Trying to Remember Our Lives Before Lewy Body

Sept. marked one year since my husband of 26 years Mike passed away from Lewy Body Dementia. The previous three years were the hardest of my life.

Mike’s symptoms really began to appear on a regular basis in 2010. He had been diagnosed with Parkinson’s disease six years prior due to his trembling hands and unsteady gait. He began asking me about my boyfriends, first sporadically, then progressively more and more. New Year’s Eve of 2011, he told me he thought he was having a heart attack and insisted I take him to the hospital but not call 911. It turned out to be the beginning of a major mental break and then a diagnosis of Lewy Body.
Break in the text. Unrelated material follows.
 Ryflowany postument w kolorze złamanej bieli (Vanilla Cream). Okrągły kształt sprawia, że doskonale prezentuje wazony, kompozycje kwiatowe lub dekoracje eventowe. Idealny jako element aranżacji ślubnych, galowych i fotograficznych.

I, like most people had never heard of this disease even though Mike was an outpatient of the Mayo Clinic in Jacksonville FL for his Parkinson’s and I had been describing his strange symptoms for over a year.
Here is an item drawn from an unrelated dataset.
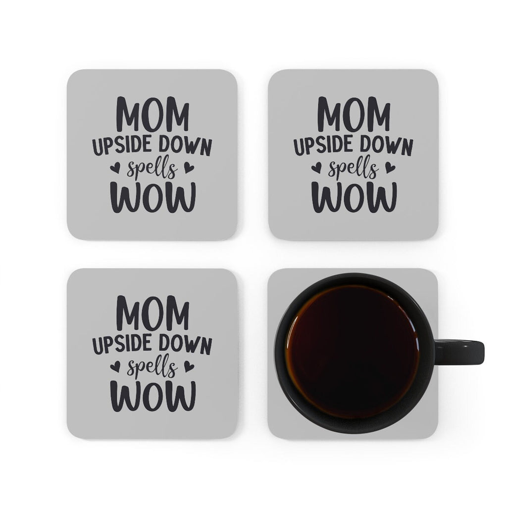 MOM is WOW Coasters 4pc Set,Round/Square/Leather/Cork,housewarming/Home gift,Mothers Day Gift,Birthday/Couples Gift,Graduation Gift

Two months after Mike’s diagnosis, I was diagnosed with stage 2 breast cancer. I tried and tried to explain the cancer and the upcoming treatment to Mike but I don’t think he ever really understood it. When I was recuperating in the downstairs bedroom the day of my surgery, Mike came down and insisted we talk about the party I had had that day in my bedroom. As I lay there with surgical drains coming out of my body just looking at him, I don’t think I have ever felt so helpless.
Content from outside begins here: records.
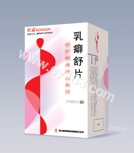 【药品名称】品名:乳癖舒片商品名:汉语拼音:Rupishu Pian剂型:片剂【成分】瓜蒌皮、蒲公英、丹参、赤芍、土贝母、柴胡、延胡索七味。【性状】【功能主治】舒肝解郁,活血解毒,软坚散结。用于肝气郁结,毒瘀互阻所致的乳腺增生,乳腺炎。【用法用量】口服,一次4片,一日3次。【不良反应】【禁忌】【注意事项】孕妇慎服。【规格】每片重0.53g【贮藏】【包装】【有效期】【执行标准】【批准文号】国药准字Z20060346【生产企业】企业名称:江西天施康中药股份有限公司
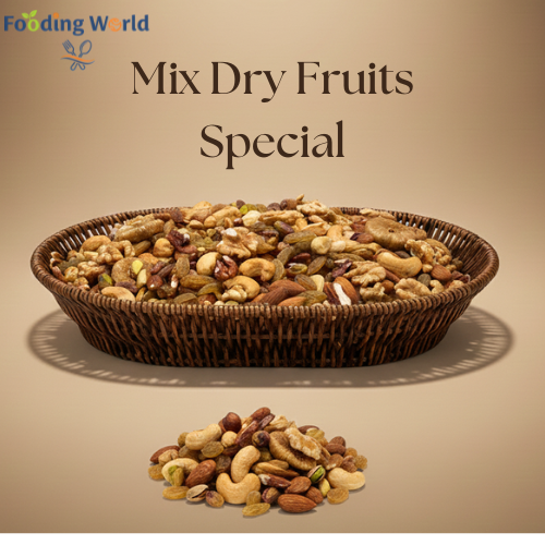 Our Mix Dry Fruits Special at the Fooding World Store offers a Premium Mix of taste and freshness. This nutritious variety is perfect for gifting, nibbling, or incorporating into everyday meals. It contains premium nuts and dried fruits. Each pack has been thoughtfully selected to give you a mouthwatering taste and wholesome energy with each bite.
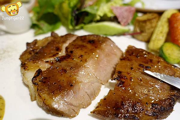 先看看這噶瑪蘭黑豚跟焦糖完美香煎後的色澤,而且還透出光澤閃到我眼睛差點睜不開!
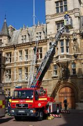 Keywords: Cambridge-TL-rising-5.jpg Photograph of a turntable ladder Own 2007-06-24 Ben Mills Benjah-bmm27 Images by Ben Mills Cambridgeshire Fire and Rescue Service Turntable ladders

I continued to find knives and guns hidden in the house even though I had sold off Mike’s extensive collection shortly after his diagnosis. Thanksgiving night I awoke to find that Mike had dismantled our gas range top and the house was filled with gas. The next day I hired 24 hour help to come into the house and assist me. I tried discussing Mike’s deterioration with his two adult children. I thought we needed to talk long term including ultimate placement in a memory care unit. His son’s response was to come down to visit and take his father to an attorney to try to break the durable power of attorney. They then attempted to kidnap him twice and take him out of state. I had to file for guardianship of my own husband all while undergoing chemo therapy and radiation.

Meanwhile Mike continued to become more and more delusional, the hallucinations getting more frequent. After four months, I was awarded guardianship which is a nasty and expensive process. A week after the court hearing Mike had another major break, destroying his bedroom and was involuntarily admitted to the county psychiatric ward. From there I placed him in a memory care facility near my house. He got calmer there but continued to lose weight and decline. He made it six more months before Hospice believes his kidneys failed and he passed away.

I still find myself explaining what Lewy Body Dementia is every time I talk about the disease that took my husband from me. I am actually amazed when someone I speak to knows what it is. My heart cracks a little every time I read someone else’s story on this site.

Now a year out from Mike’s passing, I’m just trying to remember the man I loved- that kind, funny, wickedly smart man who disappeared long before he passed away. I hope that one day those memories overshadow the ones of the last few years.